Mr. Munger noted with amazement that BRK has been able to pile up so many victories without the benefit of large amounts of debt.
Mr. Munger reiterated what you can find in the BRK annual letter where Mr. Buffett goes through why he thinks local newspapers, with strong local followings will succeed in the long run. Basically, these papers serve a captive audience that really cannot get the type of info this paper provides anywhere else.
Manufacturing have long left the US for cheaper Asian alternatives. With that said, the local manufacturing of durable goods, including elevators and airplanes, will remain strong. Mr. Munger specifically noted Boeing (BA) and Otis (UTC) as particularly adept in this area. Otis elevators have the added benefit that they have service and maintenance fees, which outside companies have a hard time taking away from the main manufacturer.
Mr. Munger made two points when it comes to retail .First, branded goods have begun to lose out to private label goods. Mr. Munger relayed that he bought Kirkland Brand toothpaste from Costco, and didn’t notice any difference between it, and other brands. This does not bode well for companies like Proctor & Gamble (PG), Unilever (UL) and Colgate (CL). Second, you have the Amazon (AMZN) problem.
Li Lu, who got Mr. Munger started on BYD answered the question in this area. He said that BYD has compounded 75% over the last 15 years, and continues strong growth. They produced their first car in 2005 and now sell 500k cars/year. They have made their entrance into the American market, but through public transportation, which emits more pollutants, and gives them brand recognition. Lastly, they still have a large market opportunity in China where they do not sell any of their cars in Beijing, which has one of the worst pollution rates anywhere in the world.
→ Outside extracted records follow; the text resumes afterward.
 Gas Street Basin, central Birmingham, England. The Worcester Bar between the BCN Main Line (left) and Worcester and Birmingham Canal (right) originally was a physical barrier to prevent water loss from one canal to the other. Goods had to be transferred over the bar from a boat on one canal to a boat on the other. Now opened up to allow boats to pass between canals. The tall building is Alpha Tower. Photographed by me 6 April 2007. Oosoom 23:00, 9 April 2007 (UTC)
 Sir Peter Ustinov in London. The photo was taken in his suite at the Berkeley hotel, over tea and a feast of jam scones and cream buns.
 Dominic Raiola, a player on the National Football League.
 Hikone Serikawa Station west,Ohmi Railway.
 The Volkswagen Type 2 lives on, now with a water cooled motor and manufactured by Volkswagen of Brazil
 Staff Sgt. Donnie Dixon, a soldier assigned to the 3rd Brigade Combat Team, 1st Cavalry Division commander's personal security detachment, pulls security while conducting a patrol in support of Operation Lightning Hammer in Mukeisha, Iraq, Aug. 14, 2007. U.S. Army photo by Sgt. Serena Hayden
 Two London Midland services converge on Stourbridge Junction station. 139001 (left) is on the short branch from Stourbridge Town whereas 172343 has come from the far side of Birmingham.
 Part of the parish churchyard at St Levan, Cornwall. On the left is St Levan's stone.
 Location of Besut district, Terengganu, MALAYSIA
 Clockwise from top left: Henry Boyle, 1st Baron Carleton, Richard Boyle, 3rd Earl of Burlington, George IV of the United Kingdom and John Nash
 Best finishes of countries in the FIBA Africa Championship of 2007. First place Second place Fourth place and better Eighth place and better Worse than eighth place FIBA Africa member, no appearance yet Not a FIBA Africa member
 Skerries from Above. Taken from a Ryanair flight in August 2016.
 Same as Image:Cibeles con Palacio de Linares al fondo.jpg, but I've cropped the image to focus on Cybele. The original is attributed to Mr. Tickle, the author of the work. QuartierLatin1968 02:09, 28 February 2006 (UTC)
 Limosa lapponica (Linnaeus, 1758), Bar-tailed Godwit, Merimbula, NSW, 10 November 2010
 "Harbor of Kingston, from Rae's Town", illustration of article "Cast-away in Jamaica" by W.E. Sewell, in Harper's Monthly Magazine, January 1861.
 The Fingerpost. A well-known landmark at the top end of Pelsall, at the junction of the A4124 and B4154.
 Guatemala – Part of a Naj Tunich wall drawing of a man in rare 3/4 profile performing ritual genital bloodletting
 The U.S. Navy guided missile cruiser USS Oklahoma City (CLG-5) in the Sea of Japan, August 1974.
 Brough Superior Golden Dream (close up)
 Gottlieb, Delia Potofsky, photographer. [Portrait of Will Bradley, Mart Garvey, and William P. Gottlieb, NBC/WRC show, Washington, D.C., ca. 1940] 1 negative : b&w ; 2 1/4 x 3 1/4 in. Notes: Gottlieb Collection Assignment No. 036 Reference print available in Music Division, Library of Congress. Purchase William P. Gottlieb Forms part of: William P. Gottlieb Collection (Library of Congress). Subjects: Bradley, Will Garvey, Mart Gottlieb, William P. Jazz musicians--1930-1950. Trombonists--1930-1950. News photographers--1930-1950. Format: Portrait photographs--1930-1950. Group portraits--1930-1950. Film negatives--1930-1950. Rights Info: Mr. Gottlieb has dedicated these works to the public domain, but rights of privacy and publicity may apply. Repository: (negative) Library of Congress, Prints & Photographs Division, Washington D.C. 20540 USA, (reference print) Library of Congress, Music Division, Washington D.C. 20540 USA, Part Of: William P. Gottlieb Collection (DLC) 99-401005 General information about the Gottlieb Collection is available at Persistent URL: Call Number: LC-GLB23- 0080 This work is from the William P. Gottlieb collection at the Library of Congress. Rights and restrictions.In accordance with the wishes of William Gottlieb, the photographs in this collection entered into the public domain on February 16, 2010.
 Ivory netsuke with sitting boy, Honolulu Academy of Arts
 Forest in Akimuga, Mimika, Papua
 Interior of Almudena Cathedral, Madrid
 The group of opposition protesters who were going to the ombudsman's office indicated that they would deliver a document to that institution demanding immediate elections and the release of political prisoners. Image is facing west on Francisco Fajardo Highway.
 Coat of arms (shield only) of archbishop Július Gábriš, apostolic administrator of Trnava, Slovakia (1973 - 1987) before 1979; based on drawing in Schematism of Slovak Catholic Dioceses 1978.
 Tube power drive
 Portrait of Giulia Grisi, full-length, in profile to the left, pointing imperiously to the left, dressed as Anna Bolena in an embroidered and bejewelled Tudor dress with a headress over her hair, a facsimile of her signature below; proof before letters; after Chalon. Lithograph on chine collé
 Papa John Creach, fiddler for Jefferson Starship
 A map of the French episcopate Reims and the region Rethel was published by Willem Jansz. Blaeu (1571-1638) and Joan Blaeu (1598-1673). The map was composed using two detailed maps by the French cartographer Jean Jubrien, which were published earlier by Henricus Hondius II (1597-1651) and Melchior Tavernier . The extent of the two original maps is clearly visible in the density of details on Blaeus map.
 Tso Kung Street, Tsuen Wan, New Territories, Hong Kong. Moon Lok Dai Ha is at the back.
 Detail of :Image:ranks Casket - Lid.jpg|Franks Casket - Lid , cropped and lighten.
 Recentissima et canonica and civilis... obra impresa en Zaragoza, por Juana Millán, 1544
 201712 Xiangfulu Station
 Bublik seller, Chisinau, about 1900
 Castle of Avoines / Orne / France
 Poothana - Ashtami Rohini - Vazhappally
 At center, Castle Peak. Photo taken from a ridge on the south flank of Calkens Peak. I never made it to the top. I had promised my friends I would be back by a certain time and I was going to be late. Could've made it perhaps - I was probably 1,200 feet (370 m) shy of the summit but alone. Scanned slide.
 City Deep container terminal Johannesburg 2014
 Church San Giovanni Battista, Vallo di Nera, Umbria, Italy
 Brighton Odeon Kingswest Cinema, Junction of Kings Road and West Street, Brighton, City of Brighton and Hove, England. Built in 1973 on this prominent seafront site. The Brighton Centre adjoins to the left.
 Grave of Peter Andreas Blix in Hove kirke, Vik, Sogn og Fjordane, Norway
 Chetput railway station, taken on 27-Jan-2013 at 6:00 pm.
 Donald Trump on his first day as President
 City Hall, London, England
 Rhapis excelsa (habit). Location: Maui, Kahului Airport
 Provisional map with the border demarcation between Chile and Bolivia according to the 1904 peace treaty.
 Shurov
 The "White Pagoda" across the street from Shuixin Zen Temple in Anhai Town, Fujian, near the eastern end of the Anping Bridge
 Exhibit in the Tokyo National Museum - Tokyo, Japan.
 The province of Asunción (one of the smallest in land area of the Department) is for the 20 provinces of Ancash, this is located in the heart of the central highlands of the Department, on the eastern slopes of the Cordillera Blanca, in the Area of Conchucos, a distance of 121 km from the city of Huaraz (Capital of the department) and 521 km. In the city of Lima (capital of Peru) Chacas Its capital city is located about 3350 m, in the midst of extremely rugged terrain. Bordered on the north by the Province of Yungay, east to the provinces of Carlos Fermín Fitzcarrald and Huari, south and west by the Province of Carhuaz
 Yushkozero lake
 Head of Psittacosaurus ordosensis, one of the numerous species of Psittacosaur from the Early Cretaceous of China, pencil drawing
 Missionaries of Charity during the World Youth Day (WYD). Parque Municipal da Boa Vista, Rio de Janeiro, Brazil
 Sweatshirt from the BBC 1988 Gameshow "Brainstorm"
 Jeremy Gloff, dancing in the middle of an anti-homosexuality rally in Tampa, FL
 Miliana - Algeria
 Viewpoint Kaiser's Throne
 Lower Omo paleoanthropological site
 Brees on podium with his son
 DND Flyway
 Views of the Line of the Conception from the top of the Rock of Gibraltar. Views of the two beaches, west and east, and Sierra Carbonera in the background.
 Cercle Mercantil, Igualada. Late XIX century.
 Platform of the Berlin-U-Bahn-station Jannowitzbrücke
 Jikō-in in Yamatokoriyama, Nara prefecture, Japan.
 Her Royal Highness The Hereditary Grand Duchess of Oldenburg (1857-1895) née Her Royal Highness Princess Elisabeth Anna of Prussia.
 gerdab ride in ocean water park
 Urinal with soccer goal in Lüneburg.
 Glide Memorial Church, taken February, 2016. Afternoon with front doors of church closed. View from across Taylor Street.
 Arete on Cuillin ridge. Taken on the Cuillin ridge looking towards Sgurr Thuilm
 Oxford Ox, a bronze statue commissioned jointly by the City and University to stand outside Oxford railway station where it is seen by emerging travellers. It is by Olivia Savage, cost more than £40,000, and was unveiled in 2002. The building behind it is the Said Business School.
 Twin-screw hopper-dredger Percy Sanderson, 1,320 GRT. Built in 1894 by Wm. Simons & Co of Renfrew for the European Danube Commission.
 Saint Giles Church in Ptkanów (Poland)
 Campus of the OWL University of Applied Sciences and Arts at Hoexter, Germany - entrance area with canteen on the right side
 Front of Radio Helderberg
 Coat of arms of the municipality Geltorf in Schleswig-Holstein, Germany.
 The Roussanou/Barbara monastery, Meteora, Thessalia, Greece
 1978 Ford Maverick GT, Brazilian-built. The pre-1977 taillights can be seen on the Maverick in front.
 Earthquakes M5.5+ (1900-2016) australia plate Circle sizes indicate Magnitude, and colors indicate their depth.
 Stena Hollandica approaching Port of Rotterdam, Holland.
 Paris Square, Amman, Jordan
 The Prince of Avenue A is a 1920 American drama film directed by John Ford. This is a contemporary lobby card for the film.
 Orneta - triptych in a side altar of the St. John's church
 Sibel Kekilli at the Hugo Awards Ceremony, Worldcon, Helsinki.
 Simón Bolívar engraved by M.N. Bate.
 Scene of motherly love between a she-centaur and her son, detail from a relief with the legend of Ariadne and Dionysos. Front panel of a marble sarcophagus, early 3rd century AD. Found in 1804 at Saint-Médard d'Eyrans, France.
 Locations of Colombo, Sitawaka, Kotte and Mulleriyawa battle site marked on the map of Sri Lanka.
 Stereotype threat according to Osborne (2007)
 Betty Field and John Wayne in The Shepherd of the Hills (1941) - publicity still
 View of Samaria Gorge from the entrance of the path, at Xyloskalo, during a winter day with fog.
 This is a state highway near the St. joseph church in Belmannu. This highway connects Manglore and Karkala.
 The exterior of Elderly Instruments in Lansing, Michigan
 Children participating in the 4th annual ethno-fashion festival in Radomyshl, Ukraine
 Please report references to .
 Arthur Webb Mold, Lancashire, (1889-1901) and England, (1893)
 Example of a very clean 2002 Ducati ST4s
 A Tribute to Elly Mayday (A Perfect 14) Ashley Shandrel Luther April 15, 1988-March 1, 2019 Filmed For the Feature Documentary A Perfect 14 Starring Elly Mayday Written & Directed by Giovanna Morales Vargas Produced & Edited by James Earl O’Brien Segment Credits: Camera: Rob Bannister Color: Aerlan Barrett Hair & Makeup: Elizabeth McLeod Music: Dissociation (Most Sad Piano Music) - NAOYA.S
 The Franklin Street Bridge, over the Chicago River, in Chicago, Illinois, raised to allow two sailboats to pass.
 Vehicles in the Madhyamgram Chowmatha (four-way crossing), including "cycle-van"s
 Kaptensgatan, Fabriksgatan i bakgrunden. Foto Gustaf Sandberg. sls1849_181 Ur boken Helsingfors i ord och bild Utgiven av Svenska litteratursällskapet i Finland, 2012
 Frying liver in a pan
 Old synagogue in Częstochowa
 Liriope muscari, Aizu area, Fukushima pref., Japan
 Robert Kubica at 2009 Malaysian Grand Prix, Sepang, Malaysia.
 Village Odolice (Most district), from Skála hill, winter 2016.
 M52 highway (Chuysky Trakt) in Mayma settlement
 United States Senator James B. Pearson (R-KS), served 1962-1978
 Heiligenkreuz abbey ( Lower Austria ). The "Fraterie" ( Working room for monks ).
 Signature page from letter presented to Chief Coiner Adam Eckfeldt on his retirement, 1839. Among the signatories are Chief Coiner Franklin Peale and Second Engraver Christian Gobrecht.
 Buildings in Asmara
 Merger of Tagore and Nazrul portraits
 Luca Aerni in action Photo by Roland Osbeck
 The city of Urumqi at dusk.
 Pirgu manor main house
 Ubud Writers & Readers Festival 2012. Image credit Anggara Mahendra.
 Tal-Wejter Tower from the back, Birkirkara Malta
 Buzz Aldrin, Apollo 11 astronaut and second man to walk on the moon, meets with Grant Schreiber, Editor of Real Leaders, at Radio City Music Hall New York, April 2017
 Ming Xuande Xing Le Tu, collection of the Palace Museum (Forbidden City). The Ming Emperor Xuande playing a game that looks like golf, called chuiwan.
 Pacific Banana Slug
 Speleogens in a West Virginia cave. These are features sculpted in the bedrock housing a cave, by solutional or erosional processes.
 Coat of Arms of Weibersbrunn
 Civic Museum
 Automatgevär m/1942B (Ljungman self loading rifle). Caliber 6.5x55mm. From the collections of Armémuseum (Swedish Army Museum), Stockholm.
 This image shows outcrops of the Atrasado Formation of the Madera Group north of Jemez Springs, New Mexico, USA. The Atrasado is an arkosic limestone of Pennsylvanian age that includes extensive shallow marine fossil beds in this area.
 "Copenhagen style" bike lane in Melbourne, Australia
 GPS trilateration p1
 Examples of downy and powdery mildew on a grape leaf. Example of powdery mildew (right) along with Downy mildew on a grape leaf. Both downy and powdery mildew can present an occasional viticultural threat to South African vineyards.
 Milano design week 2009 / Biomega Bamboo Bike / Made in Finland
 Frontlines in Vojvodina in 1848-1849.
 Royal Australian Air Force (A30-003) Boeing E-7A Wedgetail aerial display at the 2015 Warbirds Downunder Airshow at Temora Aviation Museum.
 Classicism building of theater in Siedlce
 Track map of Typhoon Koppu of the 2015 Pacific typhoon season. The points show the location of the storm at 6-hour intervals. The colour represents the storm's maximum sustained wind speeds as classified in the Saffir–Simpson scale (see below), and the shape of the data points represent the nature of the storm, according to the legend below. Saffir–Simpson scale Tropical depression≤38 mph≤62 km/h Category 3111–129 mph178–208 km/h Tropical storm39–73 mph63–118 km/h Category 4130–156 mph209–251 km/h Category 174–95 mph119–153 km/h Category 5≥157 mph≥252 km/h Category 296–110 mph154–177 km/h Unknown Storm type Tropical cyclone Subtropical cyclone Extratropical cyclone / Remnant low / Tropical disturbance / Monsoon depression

Personally, I found the takeaway from this Q&A session to be that companies that have pricing power will continue to succeed. Namely, Mr. Munger cited See’s Candy as a perfect example, that they can raise the price 25 cents/year and no one care. He mentioned it when it came to the New York Times (NYT), and network television. Pricing power, it would seem, has a very high place on the totem pole of Old Charlie’s investing principles.